How do we obtain both customer insights and engagement with a VoC research process?

Finding a system that delivers is not easy. Strategic selling programs have been implemented for years with success because they are effective at selling while building engagement.  However, they do not provide the customer insight, data, and analysis needed to feed the front end of the New Product Development (NPD) pipeline with impactful ideas. On the other hand, some B2B firms have committed to generic “off the shelf” Voice of the Customer research methods. In this case, they obtain the insights for growth, but they miss an opportunity to use the process as a vehicle to engage customers and build relationships. To get both within, B2B marketers need a system that is designed to deliver both.

 

What are some practical ways that a B2B customer insight process for VoC research can also deliver engagement?

The process should use the fundamentals of VoC while delivering a professional and engaging experience. First, the interview should keep the customer’s objectives in the center. The interviewer probes to truly understand the customer’s problems – resulting in a customer that feels “heard” and appreciated. Although this is also a B2C process attribute, it has more usefulness in B2B. When an interviewer deeply listens to a customer, this endears the interviewee to them. It’s an antidote to any concern that the interviewer secretly is using the session as a selling opportunity. Meanwhile, the interviewing team respects the moderator’s role so that the session itself feels like an engaging conversation amongst peers.  Next, the interviewing process itself should deliver a professional experience. For example, with the flagship product of New Product Blueprinting, Blueprinter 5.0 software, the customer will see a professionally designed layout which features digital sticky notes, an agenda, multiple views, multiple languages (if applicable), even multiple colors to categorize customer data types. It is a simple and elegant display: attractive for the customer – and simple for the interviewer. Next the process should provide an attractive, professional account to recap the interview. Also within Blueprinter 5.0, the Blueprinting team can export the notes to an official report. As a PDF, the report will become a digital business card –  circulating amongst many decision makers within the walls of the customer’s business.  

Finally, a B2B-focused VoC process should be designed to maintain contact with the customer throughout development. To support this, Blueprinter software allows interviewing teams to capture tasks and assign them to team members – visible for all to see. This helps them to stay accountable for any promises made.

 

When the process builds engagement, it improves relationships. When it provides insight, it fills the pipeline with new ideas. But with both together, there is a third benefit: higher ROI for new products. How so? When customers are engaged from the beginning, they will buy not only because the product addresses their needs but also because they were included along the way. The respectful peer-to-peer conversations positioned the B2B marketer as a partner rather than a vendor. Also, during the selling process, the marketer won’t have to bore them with the 75 features the product has, but rather, they can just speak to the handful that matters.
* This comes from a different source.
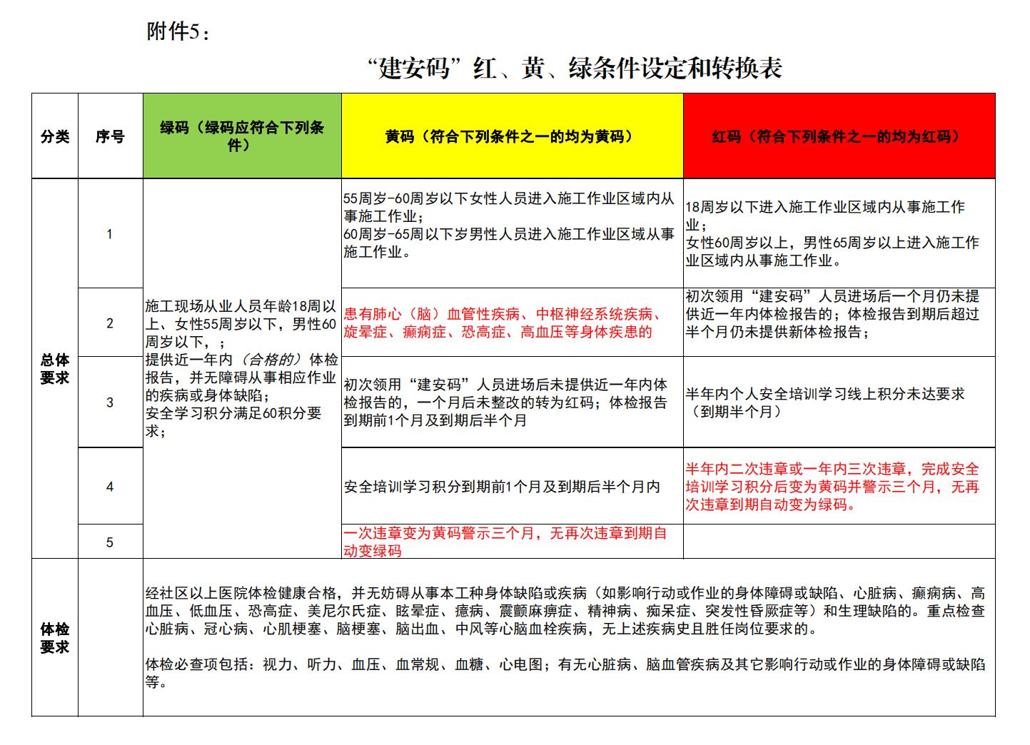 在具体管理方案中,《通知》也做了细化要求:黄码赋予对象,主要是55周岁-60周岁的女性人员和60周岁-65周岁的男性人员,一处工地不能超过10%。红码赋予对象为60周岁以上的女性人员和65周岁以上的男性人员,数量不得超过2个以上。红黄绿三色可通过安全培训学习积分实现动态转换。

As everything comes together – the right product – pitched by a valued partner –  provides perhaps the biggest benefit of all to the B2B company: shorter sales cycles – “and there was much rejoicing.” Shorter sales cycles mean that the “time to money” will be much less.

 

For B2B, it would be hard to overstate the importance of a VoC system that drives both engagement and insight.

It’s the difference between opening a new manufacturing plant or closing an old one. The difference between maxed out bonuses versus watching the best employees leave. It’s the difference between having to justify poor EPS growth as opposed to reading about your latest stock upgrade. All B2B firms would certainly be wise to assess their VoC process for both engagement and insight.